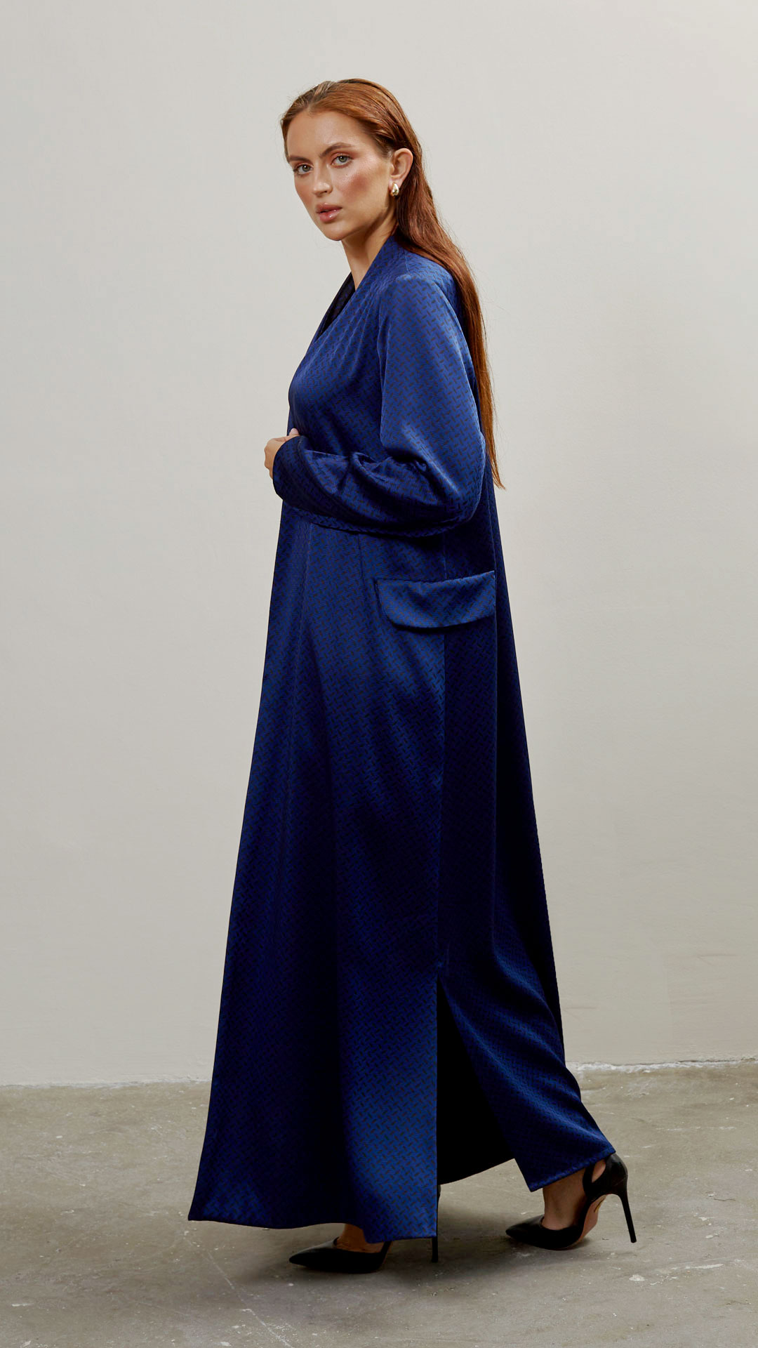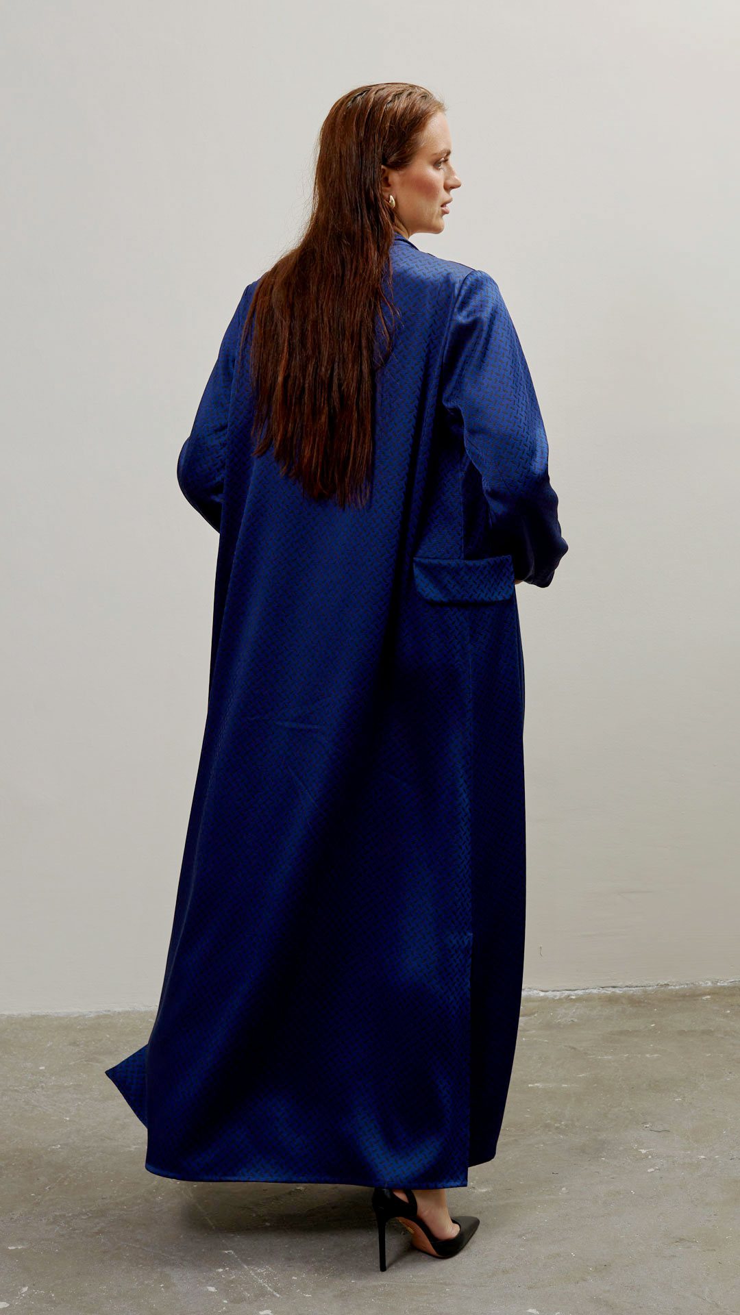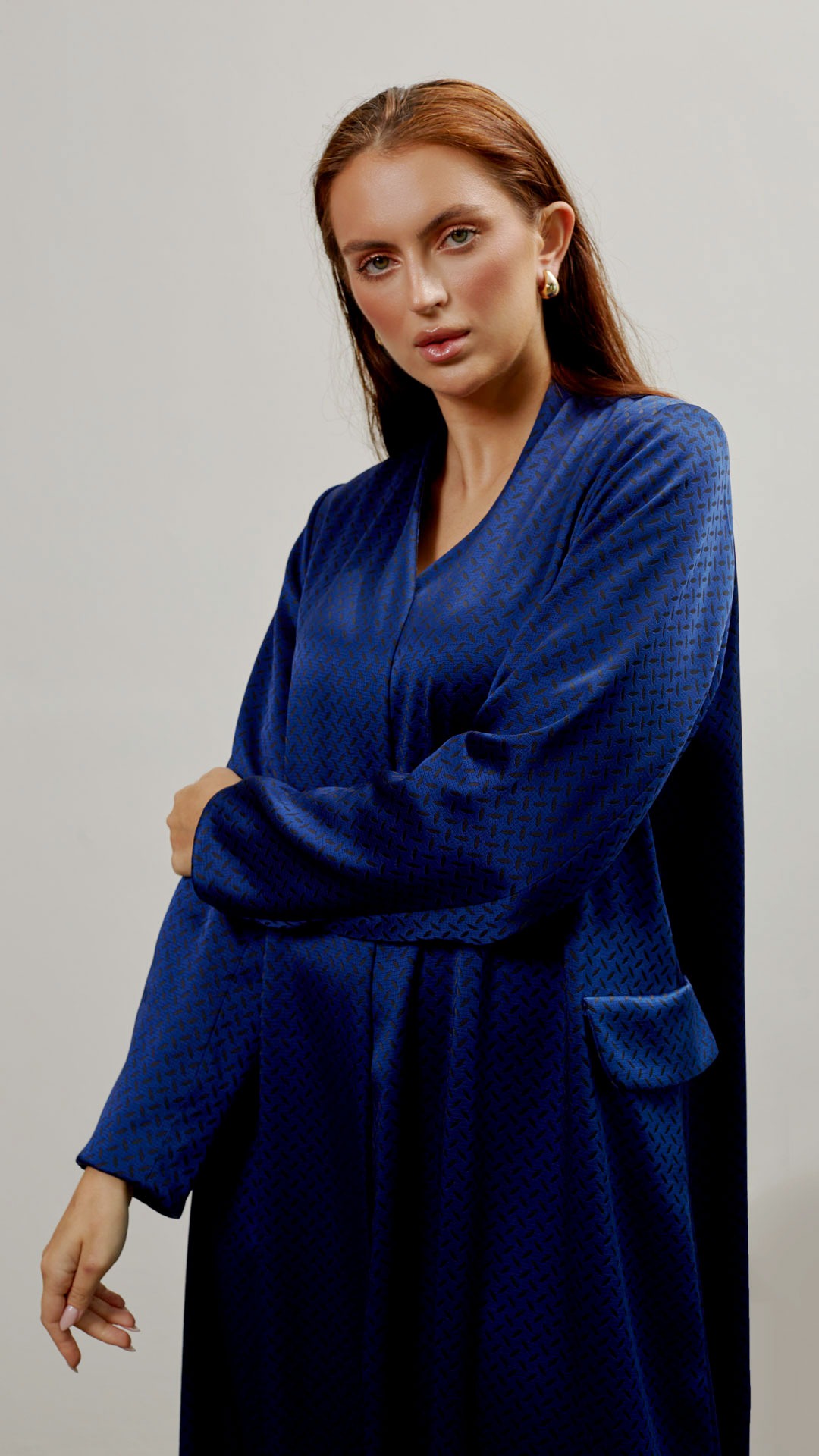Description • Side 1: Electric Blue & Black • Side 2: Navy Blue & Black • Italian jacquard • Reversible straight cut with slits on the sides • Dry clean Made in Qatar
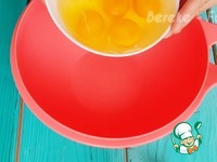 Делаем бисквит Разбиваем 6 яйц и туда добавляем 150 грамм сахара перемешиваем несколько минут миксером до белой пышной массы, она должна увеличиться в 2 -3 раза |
--
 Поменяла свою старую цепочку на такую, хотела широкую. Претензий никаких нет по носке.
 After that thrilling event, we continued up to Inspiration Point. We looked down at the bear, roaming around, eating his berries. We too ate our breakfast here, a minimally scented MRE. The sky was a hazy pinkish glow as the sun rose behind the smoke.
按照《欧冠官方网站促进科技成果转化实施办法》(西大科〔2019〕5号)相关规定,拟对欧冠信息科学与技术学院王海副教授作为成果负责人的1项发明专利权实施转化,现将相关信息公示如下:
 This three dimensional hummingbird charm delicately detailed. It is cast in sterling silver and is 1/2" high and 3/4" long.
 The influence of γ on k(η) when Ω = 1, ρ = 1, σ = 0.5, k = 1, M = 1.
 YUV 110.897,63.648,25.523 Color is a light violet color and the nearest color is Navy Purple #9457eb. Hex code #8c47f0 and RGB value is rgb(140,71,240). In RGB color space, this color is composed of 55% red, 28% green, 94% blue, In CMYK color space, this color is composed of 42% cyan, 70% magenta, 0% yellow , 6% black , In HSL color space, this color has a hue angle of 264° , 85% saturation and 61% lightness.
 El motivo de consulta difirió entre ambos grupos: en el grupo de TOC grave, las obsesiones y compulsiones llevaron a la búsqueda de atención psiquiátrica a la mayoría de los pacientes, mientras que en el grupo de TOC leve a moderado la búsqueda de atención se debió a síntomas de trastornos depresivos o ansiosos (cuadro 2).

What this task involves ▸
Which lines run from the one holding "YUV 110.897,63.648,25.523 Color" through the one holding "El motivo de" in the records above? Repeat them exactly, both included, and nothing more.

Answer section ▸
 YUV 110.897,63.648,25.523 Color is a light violet color and the nearest color is Navy Purple #9457eb. Hex code #8c47f0 and RGB value is rgb(140,71,240). In RGB color space, this color is composed of 55% red, 28% green, 94% blue, In CMYK color space, this color is composed of 42% cyan, 70% magenta, 0% yellow , 6% black , In HSL color space, this color has a hue angle of 264° , 85% saturation and 61% lightness.
 El motivo de consulta difirió entre ambos grupos: en el grupo de TOC grave, las obsesiones y compulsiones llevaron a la búsqueda de atención psiquiátrica a la mayoría de los pacientes, mientras que en el grupo de TOC leve a moderado la búsqueda de atención se debió a síntomas de trastornos depresivos o ansiosos (cuadro 2).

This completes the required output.